Babies born to women who quit smoking in pregnancy are better behaved than the children of heavy smokers and non-smokers, a new study has found.
The British study, which involved 19,000 babies born between 2000 and 2002, found that at nine months, babies whose mothers had stopped smoking while pregnant scored higher for positive moods, the ability to cope with change and had more regular sleeping and feeding patterns.
Writing in the British Medical Journal yesterday, researchers from the University of York said the difference was "striking", even taking other factors into account, such as birth weight, household income and mother's level of education.
They suggested not only were these babies exposed to fewer toxins in the womb, but mothers who were able to stop smoking for the sake of their unborn child passed on positive characteristics such as self-restraint and the ability to change behaviour according to changing circumstances.

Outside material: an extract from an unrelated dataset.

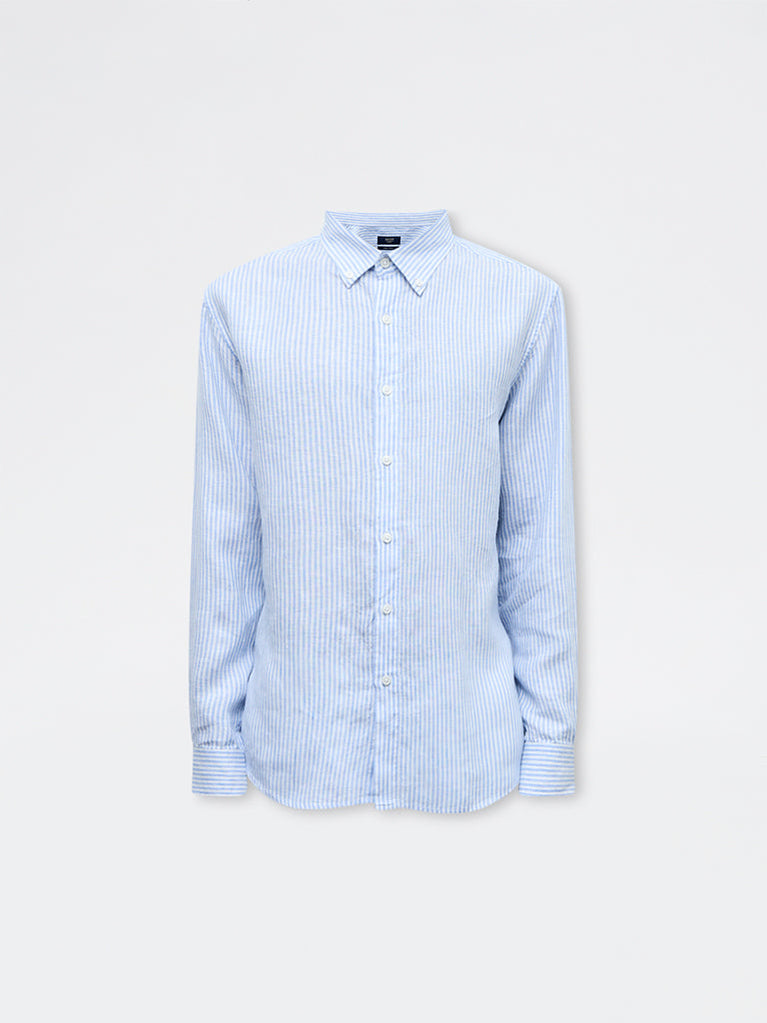 This light blue shirt from Ascot is crafted from a sumptuous linen fabric, offering effortless comfort for long wear hours. Featuring timeless stripe patterns, it is designed with a button-down collar, a buttoned placket and full sleeves for a timeless look. Framed in a relaxed-fit, it delivers an understated polish, making it perfect for casual and everyday wear.

Heavy smoking (more than 10 cigarettes a day) by mothers was associated with difficult moods in babies - an indicator of antisocial behaviour in later life.
A survey by the Auckland Tobacco Control Research Centre at Auckland University suggests Kiwi midwives and doctors are not doing enough to warn women about smoking during pregnancy.
Of 150 GPs and 200 midwives who took part in the survey, only 11 per cent of midwives and 71 per cent of doctors advised expectant mothers to quit. Most said they encouraged "a reduction".
The study, published in the New Zealand Medical Journal today, also found of those who did offer women help to quit, half were offering them the wrong kind of nicotine replacement therapy.
The Health Ministry recommends that pregnant women use nicotine gum, inhalers and lozenges rather than patches, which expose the foetus to higher levels of the chemical.
Centre director Marewa Glover said GPs and midwives were in a position to offer smoking advice to pregnant women, "when motivation to quit is at its highest".
"However, the message that smoking abstinence is vital for the health of the developing child does not seem to be consistently delivered, particularly by midwives."
Hutt Valley midwife Siobhan Connor said she always stressed the importance of stopping smoking to pregnant women, but some women found it impossible to give up completely.